- Issue: Fenenna Leszek; Przemysł; Kazimierz III of Gniewkowo;

= Ziemomysł of Kuyavia =

Polish prince

Ziemomysł of Kuyavia (Ziemomysł inowrocławski; c. 1245 – October/24 December 1287), was a Polish prince, member of the House of Piast, duke of Inowrocław during 1267–1271 and 1278–1287, and ruler over Bydgoszcz during 1267–1269 and 1278–1287.

== Early years ==
Ziemomysł was the second son of Casimir I of Kuyavia and his second wife Constance of Wrocław, daughter of Henry II the Pious. In 1257, his mother died, and his father soon married for the third time with Euphrosyne, daughter of Casimir I of Opole. Ziemomysł's stepmother soon caused conflicts in the family with her attempts to obtain territorial benefits for her own children (the eldest of them was the future Polish King Władysław I Łokietek) at the detriment of Ziemomysł and his older full-brother Leszek II the Black; some chronicles even accused Euphrosyne of attempting to poison both stepsons.

== Reign ==
After his father's death in 1267, Ziemomysł inherited the district of Inowrocław. At the beginning of his reign in the small principality, he managed to survive the invasion of the considerable forces of King Ottokar II of Bohemia, who was bound to a Crusade against Lithuania. Was probably at this point that Ziemomysł established close contacts with the Teutonic Order and Sambor II, Duke of Pomerania, alliances which soon brought him serious troubles – the revolt of his own subjects.

The conflict clearly emerged after Sambor II (his father-in-law since 1268) loaned Ziemomysł some German knights. This preference to foreigners disliked the local knighthood, and caused an armed conflict led by the bishop of Kujawy, Wolimir, in 1269. The rebels called the very well-known anti-German Bolesław the Pious to help them. Bolesław took Radziejów, Kruszwica and the castle in Bydgoszcz. Only through rapid action did Ziemomysł and the grant of further privileges to Bishop Wolimir allow him to regain temporary control of his lands.

In 1271, Ziemomysł was involved in the Pomerelian affairs, in which he supported his father-in-law, Sambor II, against Mestwin II. This decision triggered another invasion of Bolesław the Pious, which, combined with another revolt of his subjects, forced Ziemomysł to escape. Ziemomysł recovered his lands only in 1278 as a result of an agreement between Bolesław the Pious and Leszek II the Black in Ląd, where Leszek II returned Inowrocław to his brother only after he promised to distance himself from all his German advisors. Despite the end of the conflict, Bolesław the Pious kept Radziejów and Kruszwica.

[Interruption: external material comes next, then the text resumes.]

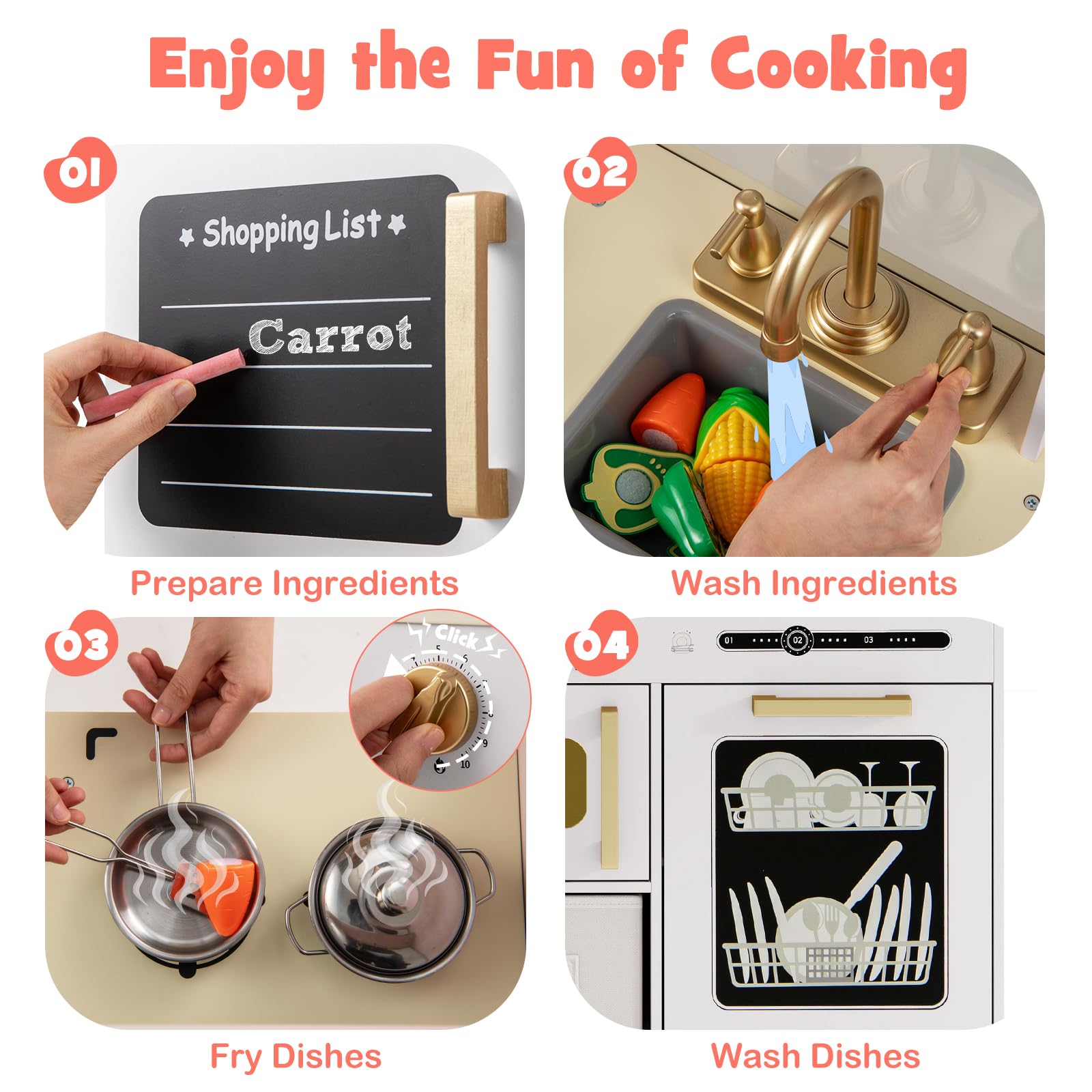 Enjoy the Fun of Cooking: Encouraging imaginative play, this toy kitchen set allows kids to simulate real kitchen activities – prepare ingredients, wash ingredients, fry dishes, and wash dishes. Moreover, the rotary knobs create a satisfying "click" sound, enhancing the experience of cooking and cleaning.

The complete normalization of Ziemomysł's rule took place two years later at the Congress of Rzepka, where, after an agreement with Mestwin II, it was stipulated that after his death, the castellany of Wyszogród had to return to Inowrocław. The final break with his pro-German policy was in 1284, when Ziemomysł supported his brother Leszek in a war against the Teutonic Order. The details of this conflict are unknown. Ziemomysł also began the process of giving Town privileges to his subjects, endowing them upon Gniewkowo.

Ziemomysł died between October and 24 December 1287. It is unknown where he was buried, although it is assumed that it happened in the capital of the duchy, Inowrocław.

== Marriage and issue ==
Probably in 1268, Ziemomysł married Salomea, daughter of Duke Sambor II of Pomerania. They had six children:
1. Euphemia (d. young, 3 March 1268/1278);
2. Fenenna (ca. 1268/1277 – 1295) married Andrew III of Hungary;
3. Constance (1268/1280 – 8 August 1331), a nun;
4. Leszek (1275/1276 – after 27 April 1339);
5. Przemysł (ca. 1278 – November 1338/16 February 1339);
6. Kazimierz III of Gniewkowo (1280/1284 – 22 August 1345/13 May 1350).

Because his sons were minors at the time of his death, his widow and half-brother Władysław I Łokietek took the regency on their behalf.